Die während der Behandlung erhobenen Daten bedürfen keiner gesonderten Vorschrift der Geheimhaltung durch den Datenschutz und bedürfen auch nach den aufgeführten Bestimmungen der DS-GVO keines besonderen Schutzes, da sie bereits in ausreichendem Maße durch die Geheimhaltungsvorschriften gesichert sind. Daraus folgt, dass die Zahnärztin / der Zahnarzt keine besondere Pflicht hat, mit dem Patienten über derartige der Geheimhaltung ohnehin obliegenden Umstände noch eine besondere Einwilligung zur Verarbeitung von Behandlungsdaten einzuholen. Dies gilt gleichermaßen für privat- wie sozialversicherte Personen. Eine vorsorgliche Vereinbarung mit dem Patienten erscheint auch unsinnig, denn sie erweckt den Anschein, dass der Patient hinsichtlich der Verarbeitung dieser Daten eine freie Wahl habe. Dies ist nicht der Fall, insbesondere hat der Patient kein Recht auf Widerruf oder Widerspruch zur Verarbeitung dieser Daten.

Eine schriftliche Einwilligung des Patienten zur Verarbeitung personenbezogener Daten ist aufgrund der neuen DS-GVO daher unsinnig, wenn eine Pflicht zur Geheimhaltung der Daten besteht.

Jede Zahnärztin / jeder Zahnarzt, der praktisch tätig ist, weiß, hinsichtlich welcher Daten eine Geheimhaltungspflicht besteht. Sie richtet sich nach dem Umfang der Daten, die erforderlich sind, um den Patienten optimal gesundheitlich zu versorgen.

Auch aus sozialversicherungsrechtlichen Bestimmungen ergibt sich die Verpflichtung des Zahnarztes / der Zahnärztin zur Datenverarbeitung und Weitergabe von Behandlungsdaten, zum Beispiel:

Daraus folgt zugleich für die tägliche Praxis, dass die Verarbeitung solcher Daten, die nicht erforderlich sind, den Patienten optimal zu versorgen, nicht verarbeitet werden dürfen, es sei denn, der Patient willigt in die Verarbeitung ausdrücklich ein. Eine solche Einwilligung sollte tunlichst schriftlich erfolgen. Zu denken ist dabei u.a. an die Absprache zur Verarbeitung von Daten durch Verrechnungsstellen, für die Übermittlung von Behandlungsdaten an einen anderen Leistungsträger, z.B. Fachzahnarzt (§ 72 Abs. 1b SGB V) oder gewerbliches Labor.

Wenn der Grundsatz beachtet wird, dass nur solche Behandlungsdaten ohne ausdrückliche Einwilligung des Patienten erhoben und verarbeitet werden dürfen, die für die Behandlung erforderlich sind und bereits in der Vergangenheit den besonderen Schutzvorschriften der Geheimhaltung unterlagen, wird das Gespenst des Datenschutzes nach der DS-GVO kalkulierbar.

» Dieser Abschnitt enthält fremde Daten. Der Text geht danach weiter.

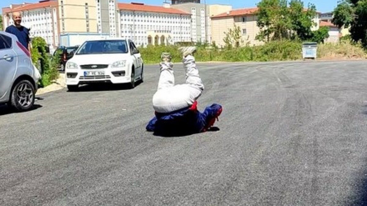 Sokağına asfalt gelmeyeceğini düşünen yaşlı adam, kendine ve arkadaşlarına asfalt gelmesi dahilinde üzerinde takla atma sözü verdi. Yol çalışmaları kapsamında yenilenen bozuk yol asfalt ile kaplandı.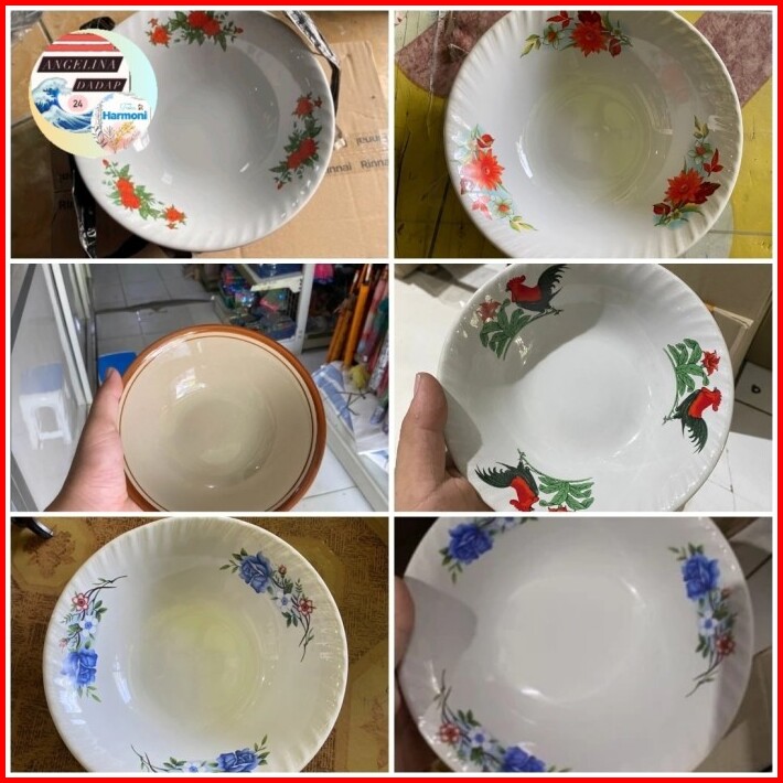 Mangkok Keramik Lusinan Murah Mangkok Kembang Mangkok Soto Burjo - 7 In Biru 3pcs

Bei der Verarbeitung von Daten der Patienten durch die Zahnärztin / den Zahnarzt sind daher folgende Grundsätze zu beachten:

  1. Es besteht keine Verpflichtung, das Einverständnis des Patienten einzuholen oder zu erklären, die die Zahnärztin / der Zahnarzt zur Erfüllung ihrer/seiner Verpflichtungen nach dem Behandlungsvertrag benötigt oder die zur Erfüllung vertragszahnärztlicher Pflichten erforderlich sind. Dies gilt auch für die Geltendmachung von Honorarforderungen gegenüber Gerichten und Behörden. In allen Fällen, in denen ein Einverständnis nicht erforderlich ist, ist auch eine nur vorsorgliche Einverständniserklärung nicht empfehlenswert.
  2. In allen anderen Fällen, insbesondere bei der Verarbeitung von Daten gegenüber privaten Abrechnungsstellen oder Behörde ist ein schriftliches Einverständnis des Patienten erforderlich. Selbst wenn eine solche Erklärung schriftlich nicht vorgeschrieben ist, sollte sie tunlichst schriftlich vom Patienten erteilt werden.